The rats were anesthetized with xylazine (0.05 mL, 10 mg/mL, IM/intramuscular) and ketamine (0.15 mL, 50 mg/mL, IM) diluted in 9% potassium chloride (0.25 mL). After the hair was removed from the back of each rat, the surgical procedure was carried out in which an area of skin was excised by one of the investigators (Figure 1), as described in details elsewhere20. After creating the wound, the lesion was cleaned with sterile gauze soaked in saline and received a primary cover (circular self-adhesive dressing of 1.5 cm) maintained for 4 hours after the excision. The animals were kept at room temperature under a warm heating pad to prevent hypothermia until full recovery. The animals were then kept in the room noted above and were allowed to have social interaction with the other four animals of the same subgroup.

Figure 1

- Surgical procedure for creating the lesion. (A) After hair removal, skin-marking excision wound with plastic mold of 1 cm2 to mark the skin, located on the dorsal medial line of the animal, using 1 cm below the transverse line connecting the lower angle of the scapula as the cranial limit. (B) Asepsis with topical povidone-iodine. (C) Incision with a scalpel blade around the marked tissue. (D) Dissection of the excised skin in the suprafascial plane with tweezers and Mayo scissors, respecting the muscular fascia (2 mm deep). (E) Resection of the skin segment demarcated. (F) Cleaning of excision wound with sterile gauze soaked in saline solution. (G) Primary coverage placement with self-adhesive dressing.

Treatment protocol

The treatment was initiated 24 hours after surgery (Figure 2) and carried out once a day everyday, following the schedule (3, 7, or 14 days), before euthanasia of animals. With the exception of the control group, all groups had their wounds cleaned daily, under anesthesia, prior to the application of the therapeutic resources. This was done with sterile gauze soaked in saline, and primary coverage was not returned after cleaning. The equipment used underwent assessment and received calibration certification. For the dosage, each parameter was chosen based on previous scientific evidence8 , 13 , 17. For the LU group (group 3), the HFU (Sonopulse III(r) IBRAMED portable equipment) was set using a transducer at 3 MHz with the following parameters: effective radiating contact area of 3.5 cm2; pulsed mode (100 Hz); 50% duty cycle; spatial and temporal average intensity of 1.0 W/cm2 and 0.5 W/cm2, respectively; and therapeutic dose of 33.6 J/cm2. The therapy was carried out for 8 minutes via direct contact with water soluble gel around the wound area (25 cm2). For the LM group (group 4), a Neurodyn Esthetic(r) IBRAMED was used to deliver MET. Conductive silicone electrodes (30 mm × 50 mm) with water soluble gel were wrapped around the wound and the following parameters were used: intensity 300 μA, pulse frequency 100 Hz, monophasic rectangular pulse with polarity inversion at every 3 seconds, performed for 8 minutes. For the LUM group (group 5), the two modalities were interconnected using a cable specifically so that the ultrasonic transducer could apply both the sound and electrical pulse. Both modalities were parameterized and the procedures were the same as those described for the LU & LM groups (groups 3 & 4); the application was carried out with a static silicon-carbon electrode positioned at the cranial edge of the lesion. The ultrasonic transducer applied by direct contact by manual sliding the transducer around the free borders of the wound.

Figure 2

- Intervention procedures in the different groups. (A) Cleaning the wound with sterile gauze and saline solution made for the L group (lesion with no treatment group) and prior to the application of the other three forms of intervention. (B) Application of therapeutic ultrasound in animals from the LU group (lesion treated with ultrasound group). (C) Application of microcurrent in animals from the LM group (lesion treated with microcurrent group). (D) Application of combined therapy in animals from the LUM group (lesion treated with ultrasound and microcurrent group).

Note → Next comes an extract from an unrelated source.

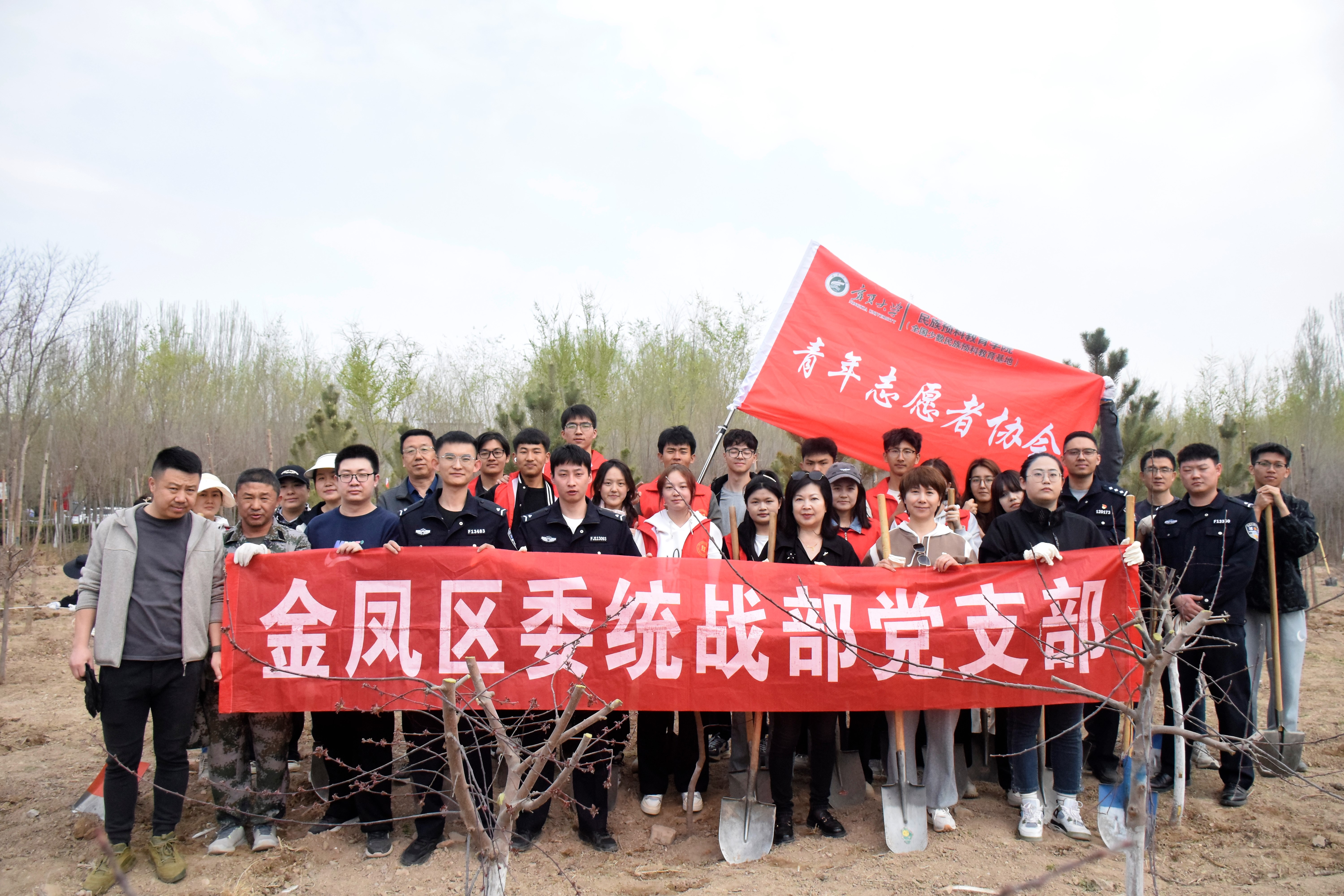 植一抹绿色,溢一片春光。为全面贯彻落实党的二十大精神,认真践行习近平生态文明思想,提高同学们环保意识,4月8日上午,体育平台官网联合金凤区公安分局、金凤区委统战部党支部组织志愿者们赴银川市毓秀公园开展义务植树活动,公司党总支书记倪彬、辅导员吕乐参加。

Percentage reduction of wound area-photoplanimetry

Wound contraction was evaluated daily until 14 days after surgery and therapies by photographic documentation. For standardization of images, a fixation system was used for the camera with the distance set at 15 cm; the light was controlled using two cold lamps with a power of 45 W. Evaluation wound contraction was analyzed by measuring the area of wound (transition of regular scar tissue skin on the photo), calculated using ImageJ software 1.47t15, calibrated by the caliper used adjacent to the edge of wound13, and expressed in percentage. The percentage reduction in the area of the wound was calculated using the following formula21:

Interleukin plasma concentration

The measurements of IL-1β, 6, and 10 and TNF-α in the plasma were performed following the instructions of the ELISA kit manufacturer (Boster Immunoleader(r)).

Macrophage immune parameters

Resident macrophages were obtained by intraperitoneal lavage from the groups treated for 14 days to verify the functional parameters. Phagocytic capacity, neutral red retention, superoxide anion, hydrogen peroxide (H2O2), and nitric oxide (NO) production were performed in quadruplicate as described elsewhere22.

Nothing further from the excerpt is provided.